Remember, a month is not measurable in the infinit of the space time continuum. Not comprehensible by man, anyway.

hal9001-


----------



## RSN (Jul 29, 2008)

hal9001 said:


> Remember, a month is not measurable in the infinit of the space time continuum. Not comprehensible by man, anyway.
> 
> hal9001-


I would go to the Moebius Facebook page and ask them that question directly. Moebius does not post here, so any information will be second or third hand. :thumbsup:


----------



## djnick66 (May 2, 2008)

ask about the Chariot, Tumbler, Deluxe Dracula etc. Maybe the boat sank?


----------



## Antsnest (Jul 26, 2011)

Frank told me at the start of the month it should be on its way from China in a couple of weeks (i.e. now)- there had been some holdups with the packaging....

Ant


----------



## RSN (Jul 29, 2008)

Antsnest said:


> Frank told me at the start of the month it should be on its way from China in a couple of weeks (i.e. now)- there had been some holdups with the packaging....
> 
> Ant


Good enough for me!


----------



## actias (May 19, 2003)

thanks


----------



## Wolvster (Mar 14, 2006)

Patience, you WON'T be disappointed when
it arrives.. It's an EXCELLENT kit..

:thumbsup:


----------



## MightyMax (Jan 21, 2000)

Probably on it's way to Gammoray to intercept the Vipers that are blowing the Pojee's out of it! 
:tongue:
Max Bryant


----------



## seaQuest (Jan 12, 2003)

Thing is, how ya gonna make it look like bright, shiny chrome without taking it someplace to be powder-coated once you've finished assembly? I'm sorry, Metalizer and Alclad don't cut it.


----------



## Antsnest (Jul 26, 2011)

I didn't think the new style Cylons were quite so chromey as the old style ones - comes over more as a polished aluminium finish...


----------



## Wolvster (Mar 14, 2006)

They were rendered differently from Scene to
scene during the shows run... The early
episodes they were far more a " dull aluminum "
in color. 

Later on, toward Season 3-4 they changed
their bodies to the more " shiny " chrome appearance..

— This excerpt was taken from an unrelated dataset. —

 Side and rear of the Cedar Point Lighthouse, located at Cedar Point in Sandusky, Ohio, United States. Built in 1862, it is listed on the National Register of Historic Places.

So, honestly, make them dull aluminum or
shiny chrome and either way you can't go wrong..

:thumbsup:


----------



## chasd25 (Feb 14, 2002)

seaQuest said:


> Thing is, how ya gonna make it look like bright, shiny chrome without taking it someplace to be powder-coated once you've finished assembly? I'm sorry, Metalizer and Alclad don't cut it.


I don't know, I've seen some almost chrome like finishes accomplished on aircraft models by using Gloss Black, and either Alclad, or SNJ finishes....takes some work, but it is doable.


----------



## ClubTepes (Jul 31, 2002)

seaQuest said:


> Thing is, how ya gonna make it look like bright, shiny chrome without taking it someplace to be powder-coated once you've finished assembly? I'm sorry, Metalizer and Alclad don't cut it.

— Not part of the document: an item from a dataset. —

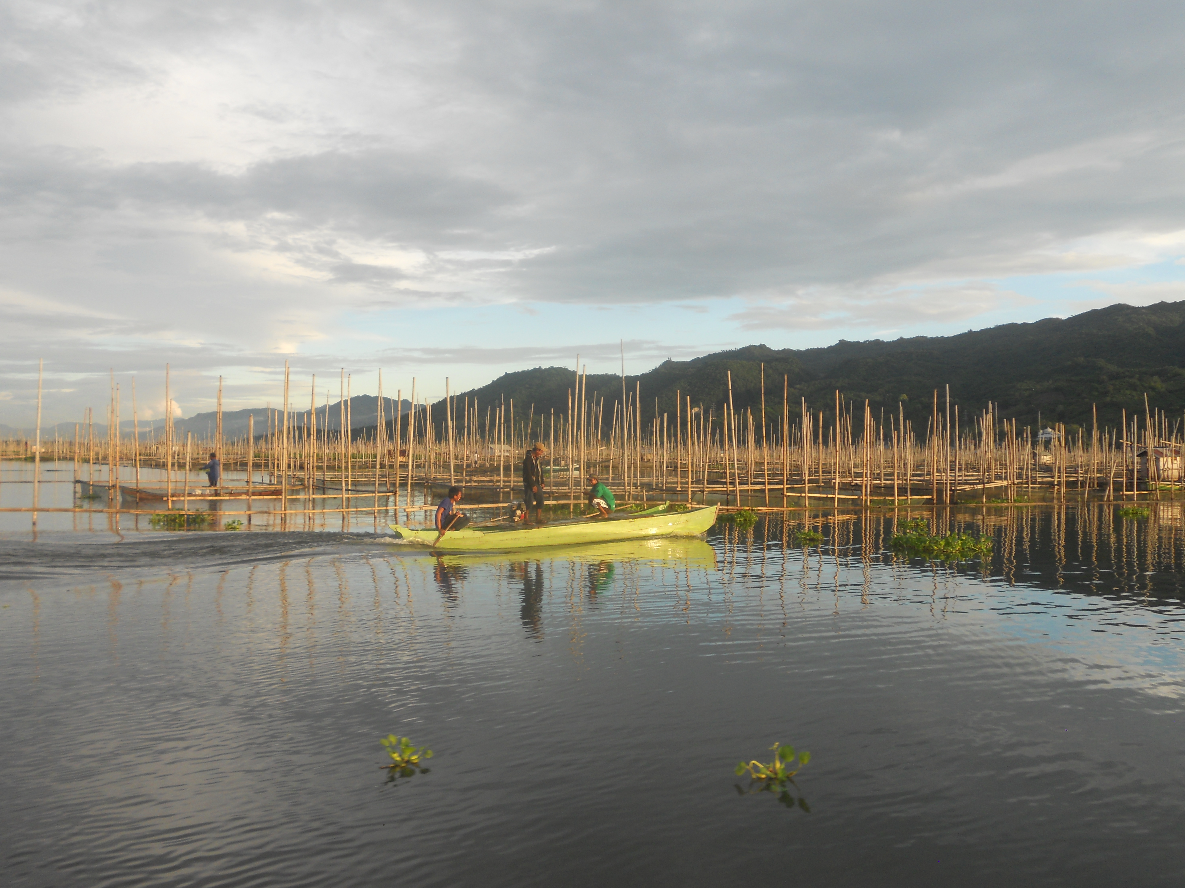 Fishing boats while passing Lake Limboto.

I much prefer the non-chrome cylons to the chromed ones.

Once they chromed them, they looked less realistic to me.


----------



## seaQuest (Jan 12, 2003)

Yeah, perhaps you're right. It seems they went gonzo with the chrome finish at the end of Lay Down Your Burdens Pt. 2.


----------



## spawndude (Nov 28, 2007)

Wolvster said:


> They were rendered differently from Scene to
> scene during the shows run... The early
> episodes they were far more a " dull aluminum "
> in color.
> ...


Maybe the chrome ones were fresh off the assembly line and hadn't been in the heat of battle!


----------



## Hunch (Apr 6, 2003)

Anyone here heard any news about this and the tumbler? And NO, I dont do facebook. Never will.


----------



## phicks (Nov 5, 2002)

The Tumbler at least, is plagued by licence holder issues beyond Moebius' control. Moebius says it might happen, some day, maybe. But there is no schedule attached to the Tumbler at all. Very frustrating for a company that paid for the rights in good faith.


----------



## Hunch (Apr 6, 2003)

phicks said:


> The Tumbler at least, is plagued by licence holder issues beyond Moebius' control. Moebius says it might happen, some day, maybe. But there is no schedule attached to the Tumbler at all. Very frustrating for a company that paid for the rights in good faith.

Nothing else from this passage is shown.